By whom this thing after an interval of three & twenty years has been published I know not. Upon seeing it announced I immediately gave instructions to apply for an injunction in Chancery, – the case being as plain as day light, that the property was mine, & that a man might just as well take from me any of the papers in my writing desk, as print that without my consent, & in defiance of me. A counter-affidavit was procured from a Dissenting Minister by name Winterbottom, which does not contain a single word of truth. [3] I saw this man once in my life, which was in Ridgeways apartment upon the occasion already mentioned, & I never saw him at any other time, nor was ever at any other time within the walls of Newgate, – he swears that I visited him frequently there, that he believes it to have been in the year 1796 (for the purpose of making it appear that I was of age at the time) – & that I gave him the Manuscript to do with it whatever he pleased, – & he swears to persons being present whom I never saw in the whole course of my life. [4] He says that the copy which has been printed must have been surreptitiously taken from that in his possession, – but he came forward with his claim in opposition to mine. The Chancellor therefore finding the right of property contested, referred it to a Court of Law, [5] – & of course I did not chuse to incur farther expences in establishing a claim which was opposed by direct perjury. – Moreover my object was that of avowing the work, & disclaiming its opinions & this I had done.
I have now a letter to Wm Smith in the press which will be published in the course of next week. [6] It is a plain exposition of what my political <opinions> have been, & what they are; with a wholesome castigation for the said Wm Smith.
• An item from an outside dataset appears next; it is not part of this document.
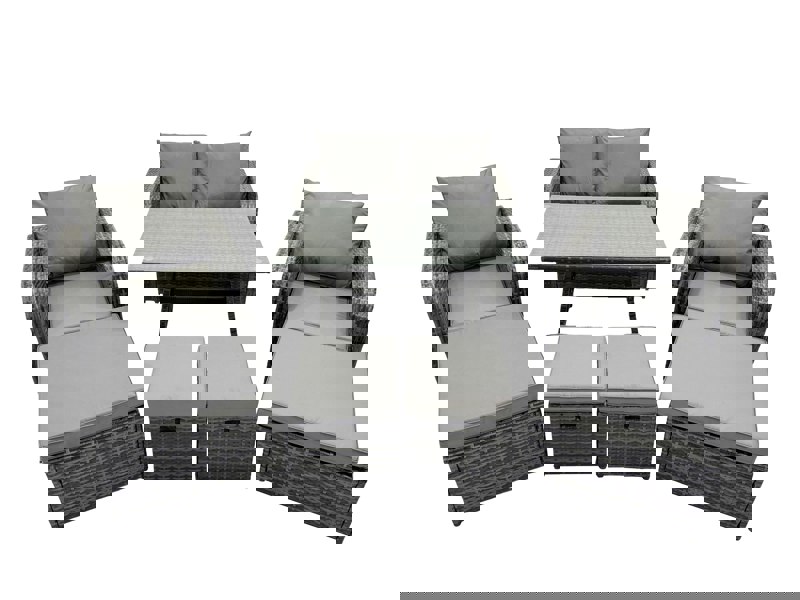 Finished in dark grey mixed rattan with dark grey fabric, the set includes adjustable reclining chairs and supportive cushioning for relaxed seating. A tempered glass tabletop completes the dining table, creating a practical surface for drinks and meals.
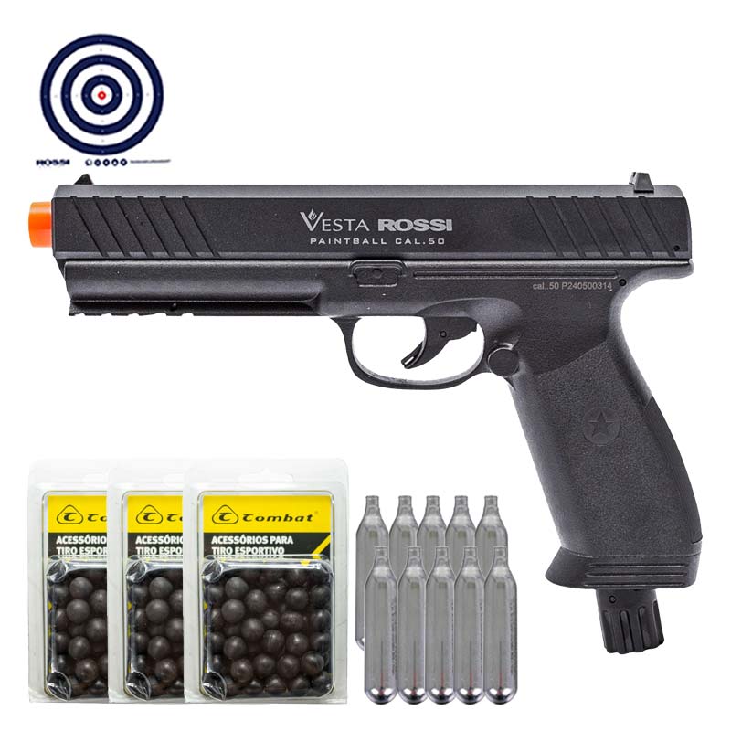 Combo feito pela LC, conta com Esferas .50 para carregar sua arma, Cilindros de CO2 para impulsionar os disparos e Alvos de Treino Rossi.

I would have one franked to you if I knew where to direct it. On Monday next I go to my brother Toms for a week, & my place is taken with Senhouse in the mail for London, on the 22d. We start for the Continent, God willing, on the first of May.
I have been disturbed about the house which we inhabit. The Estate is to be sold under an Extent in Aid, – [MS torn] I have had to think seriously whether it be best to purchase it, or ri incur the very probable risk of seeing it cut up into small lots, & having the remainder of my lease discomforted by building in the field & upper part of the nursery garden. [7] This is a point upon which I have not yet been able to decide
Fearons bill is paid, [8] & your assessed taxes, for both of which I have taken care to have stampt receipts. Should you arrive before my return to Keswick my Governess will render up the bills & accounts.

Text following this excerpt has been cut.